**ACTION ITEM**
Starting at the line holding "TGX Arnomeda 16''-18''" and finishing at the line holding "私たちが座り込んだ目の前を爆", transcribe the material exactly, keeping both ends but no pictures.

**DATASET**
_ _ _
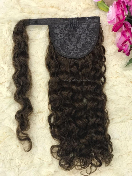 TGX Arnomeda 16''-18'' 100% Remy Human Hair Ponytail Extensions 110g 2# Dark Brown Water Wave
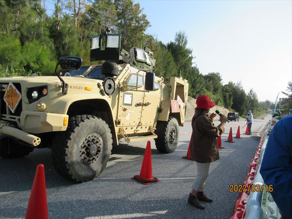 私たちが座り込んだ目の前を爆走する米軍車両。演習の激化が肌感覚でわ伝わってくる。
_ _ _
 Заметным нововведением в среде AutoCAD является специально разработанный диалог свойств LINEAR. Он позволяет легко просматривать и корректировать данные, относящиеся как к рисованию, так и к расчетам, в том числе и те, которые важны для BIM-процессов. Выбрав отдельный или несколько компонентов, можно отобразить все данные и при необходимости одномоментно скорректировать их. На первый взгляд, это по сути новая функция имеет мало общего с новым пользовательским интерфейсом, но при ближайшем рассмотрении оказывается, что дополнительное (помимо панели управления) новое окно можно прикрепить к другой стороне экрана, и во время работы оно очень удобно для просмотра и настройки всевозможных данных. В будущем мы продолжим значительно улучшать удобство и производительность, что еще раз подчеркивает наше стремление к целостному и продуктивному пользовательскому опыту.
_ _ _
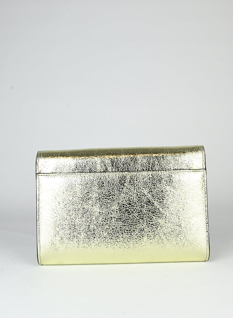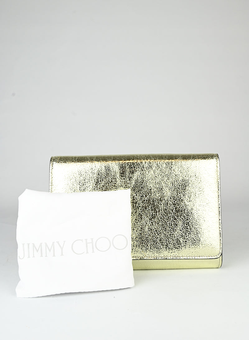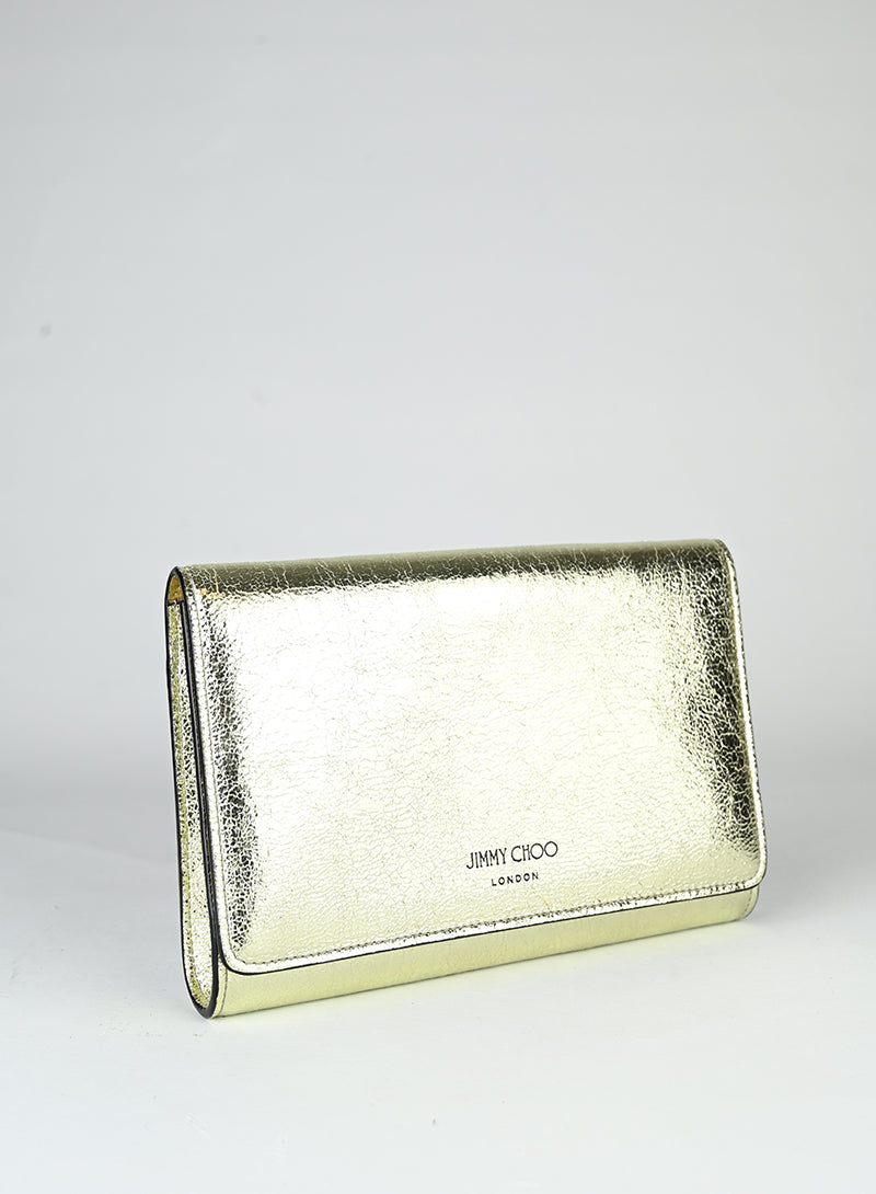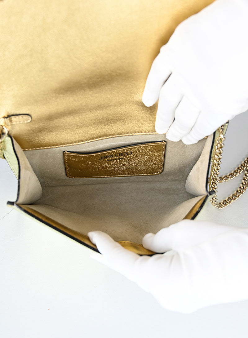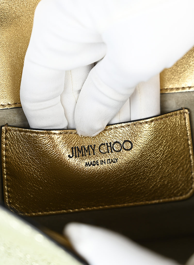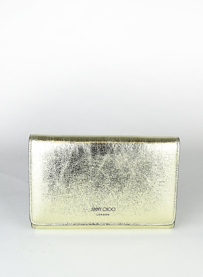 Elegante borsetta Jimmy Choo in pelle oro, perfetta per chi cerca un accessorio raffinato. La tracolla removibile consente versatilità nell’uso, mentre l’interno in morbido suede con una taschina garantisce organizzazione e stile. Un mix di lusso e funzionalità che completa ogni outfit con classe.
_ _ _
**SOLUTION FOR THIS EXERCISE**
 TGX Arnomeda 16''-18'' 100% Remy Human Hair Ponytail Extensions 110g 2# Dark Brown Water Wave
 私たちが座り込んだ目の前を爆走する米軍車両。演習の激化が肌感覚でわ伝わってくる。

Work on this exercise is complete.